Оттого Токарев и любил часами бродить по горбатым улочкам городка, разглядывать особняки, скрытые в чащобе зелени, мрамор курортных зданий, пожелтевший от времени, иглы кипариса, курчавые, как волосы на голове негра; круглые шляпки женщин, надвинутые чуть не на глаза, – была такая мода в двадцатых годах, и на какое-то время она вернулась после войны; брезентовый, прохладный шатер цирка-шапито, его рекламу; провалы неасфальтированных дорожек – с высокого обрыва, между вершинами гигантских деревьев – к морю; лежбище обнаженных тел на пляже… Каждый раз его не переставала удивлять сама возможность увидеть такое множество людей вместе и подумать притом о жизни, а не о смерти, или даже ни о чем не подумать. И металлическая глотка репродуктора, по которому выкликают не номера, а фамилии и имена и просят подойти к радиорубке затерявшихся людей из Москвы и Владивостока, из Тагила и Конотопа, – репродуктор не разъединял, не разобщал навеки, а связывал, помогал найти друг дружку. И терпкий запах перепончатых листьев туи, который тем сильнее, чем больше трешь их пальцами, и упругий влажный песок, – его так приятно ощутить босою ногой, не боясь поранить кожу…

Все это было как неслыханный по щедрости подарок за годы, прошедшие в Зеебаде.

Токарев купался в стороне от общего пляжа, чтоб можно было раздеться догола – не лезть же в воду в солдатских кальсонах. Прятался за какими-то бетонными кубами, которые вразброс лежали на берегу.

Именно это обстоятельство и свело его однажды вечером с Пасечным. Тот приехал сюда с начальником городского строительного управления, которому запланировали монтировать из бетонных кубов морской мол.

Но не хватало техники, чтоб перебросить многотонные кубы в воду. Токарев случайно услышал их разговор.

Пасечному предстояло строить городскую трансформаторную подстанцию, а бетонного хозяйства здесь своего не было – Краснореченская ГЭС высоко в горах, и вот поэтому пообещал Пасечный пригнать сюда краны, катера, чтобы стащить кубы с берега, а взамен этого начальник СМУ должен был забетонировать фундамент подстанции.

Так столковались они.

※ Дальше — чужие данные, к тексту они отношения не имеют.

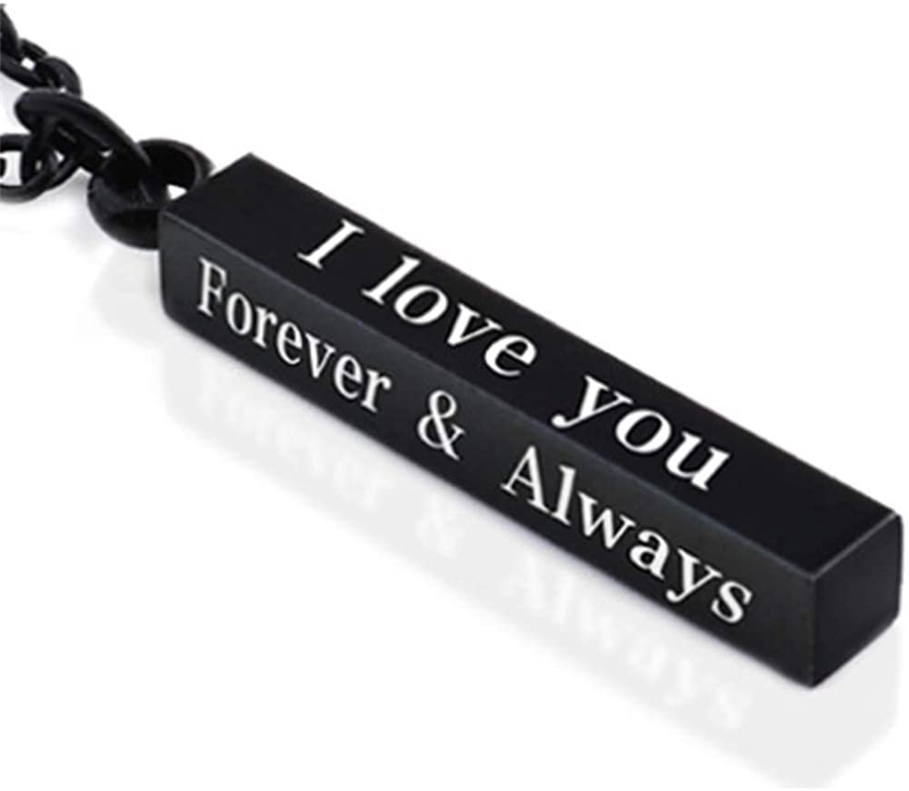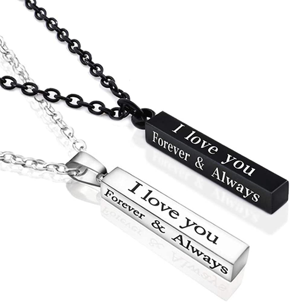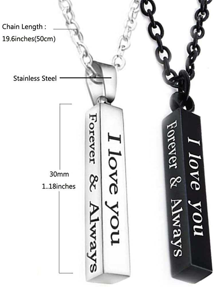 This romantic matching i love you couples necklaces with letter forever &Always engraved design, especially suitable as a valentine's day gift for your boyfriend, girlfriend, husband and wife. Product Name: I Love You Forever &Always Necklace For Couples Set Material: Stainless Steel Style: Romantic, Goth, Simple. Chain Length 19.6inches(50cm) Pendant:1.18inches(3cm) Packing List: A Pair Of Couples Necklace This relationship couples necklace is especially suitable for your him, her, boyfriend, girlfriend, husband wife, best friend, as a birthday, valentine's day gift, new year gift, friendship gift. I Love you couples necklace Forever Love on your side. Let it to witness and guard your love. A : Sure, This is a good present for lovers, boyfriend and girlfriend, husband and wife as a wedding gift, valentine's day gift, anniversary gift. *- 1.This romantic and fashion pillar couple necklace has a "I love you always forever" lettering design, Design meaning: eternal love. you can give this matching promise i love you forever necklace to your girlfriend or boyfriend to express your deep love for her/him. *- 2.MATERIAL -- Made of high-quality stainless steel, non tarnish, sturdy, durable, hypoallergenic, lead-free and nickel-free, Can be used for a long time. *- 3.SIZE -- The matching relationship promise i love you necklace chain length 19.6inches(50cm), pendant:1.18inches(3cm), this size fits most people? necks. *- 4.AS A GIFT --This romantic i love you necklace is especially suitable for Sister and brother-in-law, girlfriend and boyfriend, husband and wife as a valentine's day gifts, new year gift, engagement gift.

И тут же, на пляже подписали необходимый договор: осчастливленный начальник СМУ, оказывается, заготовил необходимые бланки заранее.

Он уехал, а Пасечный остался и, хмурясь, ходил между бетонными глыбами. И вдруг, думая, что не видят его, с детской непосредственностью уперся руками в один из кубов, который был выше него в два раза, надавил что есть силы и так, пыхтя, стоял долго.

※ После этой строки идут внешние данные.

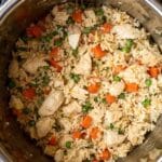 - Finish and Stir: Remove the cooked chicken breasts onto a cutting board and let them rest for a few minutes. Chop the chicken into bite-sized pieces and stir it back into the rice mixture in the pot. Add the cooked frozen peas and mix well to incorporate evenly.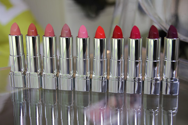 The 10 new shades are a good mixture of neutrals and brights. As you can see they have also changed the packaging. I like the new clear purple casing but have to admit, it reminded me a lot of Maybelline’s signature lipstick packaging. It definitely feels a bit cheaper then some of my other Rimmel lipsticks but that doesn’t really bother me. It’s what’s inside that counts…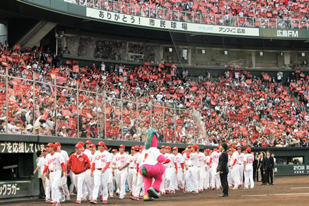 公式戦最後となる広島市民球場。真っ赤に染まったスタンドをバックに広島ナインは場内を一周した

Тогда-то и окликнул его Токарев, лежавший рядом, в песке:

– Простите… Сколько весит эта игрушка?

– А-а?.. Кто тут? – Пасечный отпрянул от куба.

Оглянувшись, протянул успокоенно: – Солдат… Семьдесят – сто тонн каждый.

– Всего?

Начальник строительства промолчал.

Токарев, чиркая по песку острым концом ракушки, быстро подсчитал что-то, смахнул рукой запись и сказал:

– Я у вас видел танковозы американские, «Даймонд». Они по скольку – по сто сил?

Пасечный кивнул.

– Вот если дадите парочку таких, за одну ночь все кубы вам сдерну.

– Ишь Архимед!.. Как же это?

– Как – мое дело. А только водителей на ночь уговорить придется: днем я занят – служба.

Пасечный посмеялся.

– Уговорю, – он выговаривал букву «г» с придыханием, мягко. – А все же

– как?

– Систему полиспастов применить можно… Да вамто что! Ваше дело распорядиться, всего-навсего. В фундамент-то, на подстанции, сколько бетона класть надо?

– Восемь тысяч кубов.

– Ну вот, месяц работы, не меньше, по их-то темпам. А я вам за ночь одну все оправдаю. Разве не стоит рискнуть, поверить?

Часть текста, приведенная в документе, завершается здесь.